*Task details:* Only the stretch of the listing below that runs from the line with "Douche extérieure, bain" through the line with "Avant de coller" is to be printed, exactly and with both ends.

*Input records:*

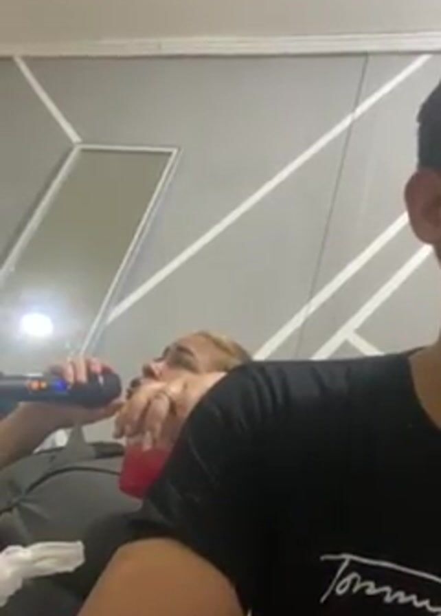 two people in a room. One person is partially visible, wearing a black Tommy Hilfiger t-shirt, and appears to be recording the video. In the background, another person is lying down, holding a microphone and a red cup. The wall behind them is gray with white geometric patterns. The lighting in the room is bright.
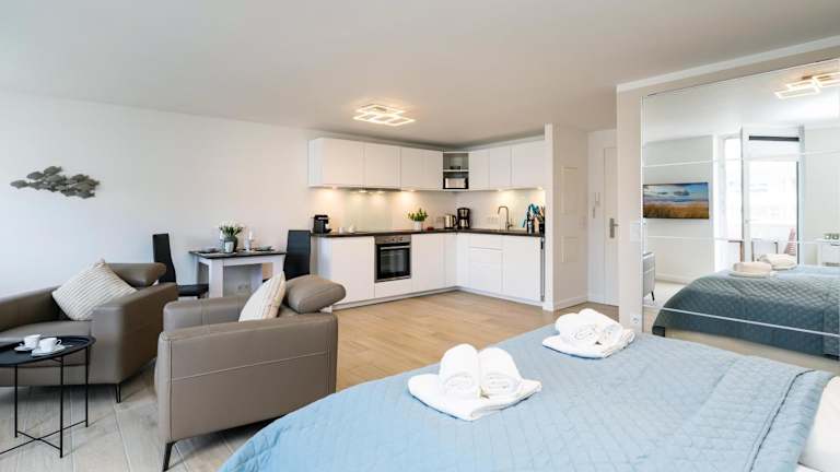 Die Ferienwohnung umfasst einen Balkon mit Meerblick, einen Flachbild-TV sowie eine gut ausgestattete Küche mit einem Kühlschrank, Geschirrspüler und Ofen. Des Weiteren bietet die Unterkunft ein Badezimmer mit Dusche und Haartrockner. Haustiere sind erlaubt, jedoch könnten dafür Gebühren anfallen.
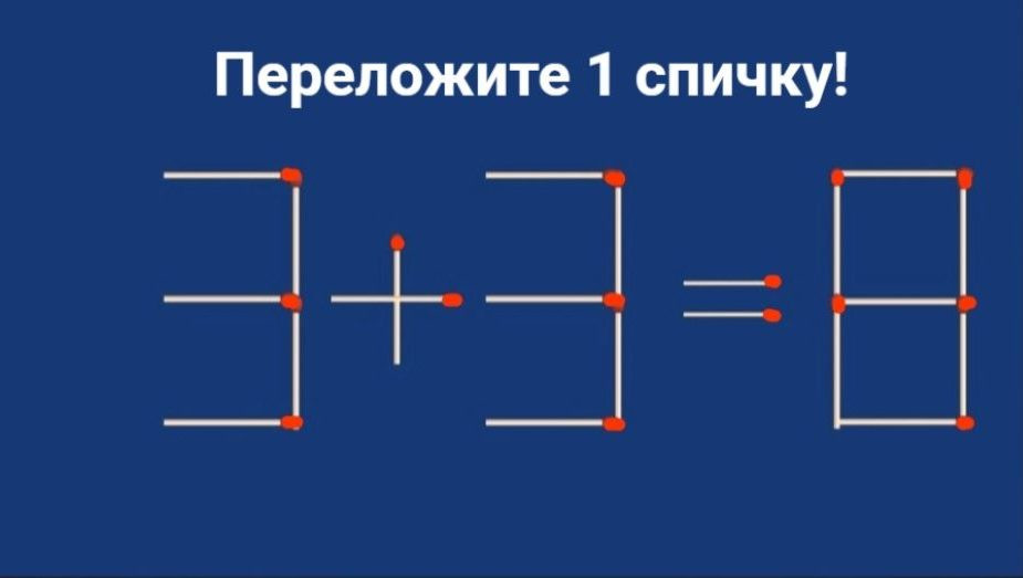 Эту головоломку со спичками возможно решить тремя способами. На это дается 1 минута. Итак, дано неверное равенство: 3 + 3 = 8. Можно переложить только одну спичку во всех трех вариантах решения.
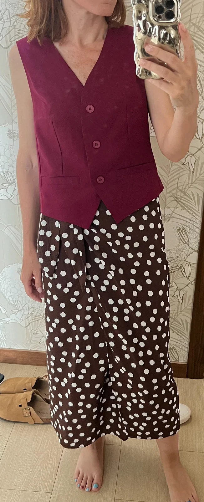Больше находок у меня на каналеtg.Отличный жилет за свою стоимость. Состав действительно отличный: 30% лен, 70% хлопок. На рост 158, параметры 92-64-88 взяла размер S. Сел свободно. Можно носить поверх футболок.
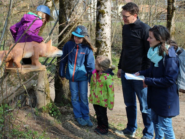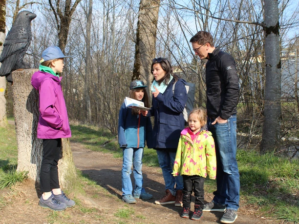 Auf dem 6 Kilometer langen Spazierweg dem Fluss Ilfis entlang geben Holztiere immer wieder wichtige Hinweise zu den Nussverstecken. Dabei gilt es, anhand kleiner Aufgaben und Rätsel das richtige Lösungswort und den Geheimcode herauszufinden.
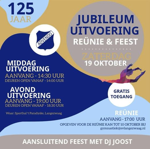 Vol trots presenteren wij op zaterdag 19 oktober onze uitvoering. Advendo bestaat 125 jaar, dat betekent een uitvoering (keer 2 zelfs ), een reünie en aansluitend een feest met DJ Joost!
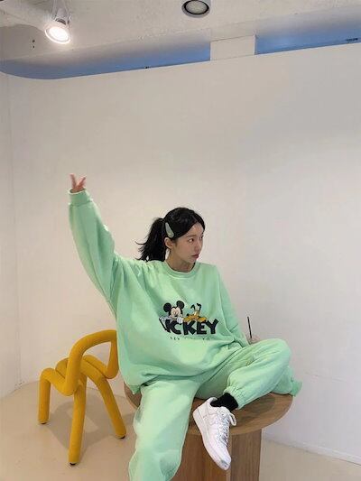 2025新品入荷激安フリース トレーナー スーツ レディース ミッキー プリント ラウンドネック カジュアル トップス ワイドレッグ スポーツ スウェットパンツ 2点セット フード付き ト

---

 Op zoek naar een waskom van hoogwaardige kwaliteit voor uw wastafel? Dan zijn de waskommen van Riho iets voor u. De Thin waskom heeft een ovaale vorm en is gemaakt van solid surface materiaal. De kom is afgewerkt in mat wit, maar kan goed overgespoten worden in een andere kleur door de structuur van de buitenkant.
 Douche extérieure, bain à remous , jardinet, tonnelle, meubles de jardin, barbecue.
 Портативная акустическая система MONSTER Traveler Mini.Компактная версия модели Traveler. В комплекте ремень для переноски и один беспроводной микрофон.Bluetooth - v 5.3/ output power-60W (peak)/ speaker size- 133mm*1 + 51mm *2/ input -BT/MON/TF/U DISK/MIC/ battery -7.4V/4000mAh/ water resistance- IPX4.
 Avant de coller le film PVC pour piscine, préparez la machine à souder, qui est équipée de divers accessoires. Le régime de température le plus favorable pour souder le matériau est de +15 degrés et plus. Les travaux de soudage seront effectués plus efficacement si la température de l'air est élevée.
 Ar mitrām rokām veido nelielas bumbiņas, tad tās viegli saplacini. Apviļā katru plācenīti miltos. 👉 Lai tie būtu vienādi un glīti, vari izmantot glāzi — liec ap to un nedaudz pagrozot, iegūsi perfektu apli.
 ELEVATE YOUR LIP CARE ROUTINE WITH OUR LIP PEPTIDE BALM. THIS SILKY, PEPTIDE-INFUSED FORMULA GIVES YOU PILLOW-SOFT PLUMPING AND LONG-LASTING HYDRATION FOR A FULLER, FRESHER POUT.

...

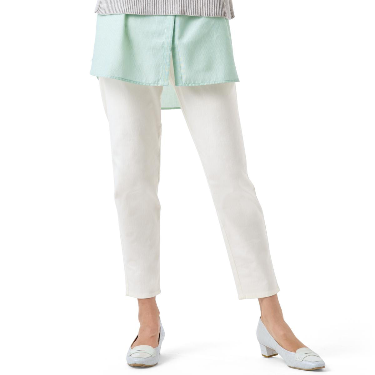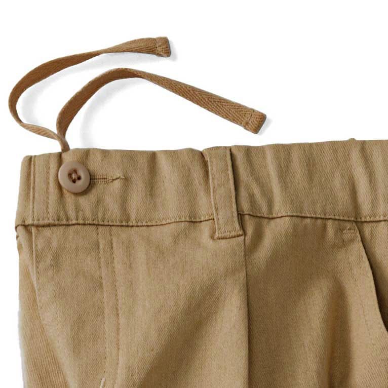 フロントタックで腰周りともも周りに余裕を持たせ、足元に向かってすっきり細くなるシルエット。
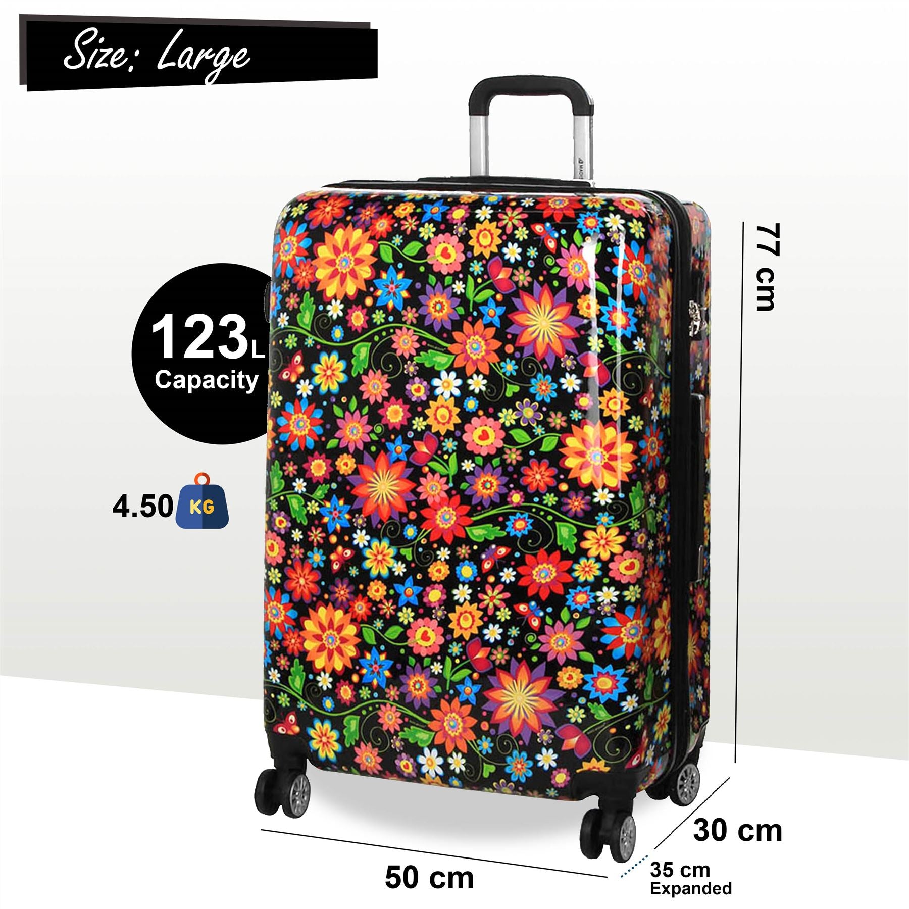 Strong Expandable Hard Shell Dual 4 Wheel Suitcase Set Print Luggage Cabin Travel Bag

*Answer to this task:*
 Douche extérieure, bain à remous , jardinet, tonnelle, meubles de jardin, barbecue.
 Портативная акустическая система MONSTER Traveler Mini.Компактная версия модели Traveler. В комплекте ремень для переноски и один беспроводной микрофон.Bluetooth - v 5.3/ output power-60W (peak)/ speaker size- 133mm*1 + 51mm *2/ input -BT/MON/TF/U DISK/MIC/ battery -7.4V/4000mAh/ water resistance- IPX4.
 Avant de coller le film PVC pour piscine, préparez la machine à souder, qui est équipée de divers accessoires. Le régime de température le plus favorable pour souder le matériau est de +15 degrés et plus. Les travaux de soudage seront effectués plus efficacement si la température de l'air est élevée.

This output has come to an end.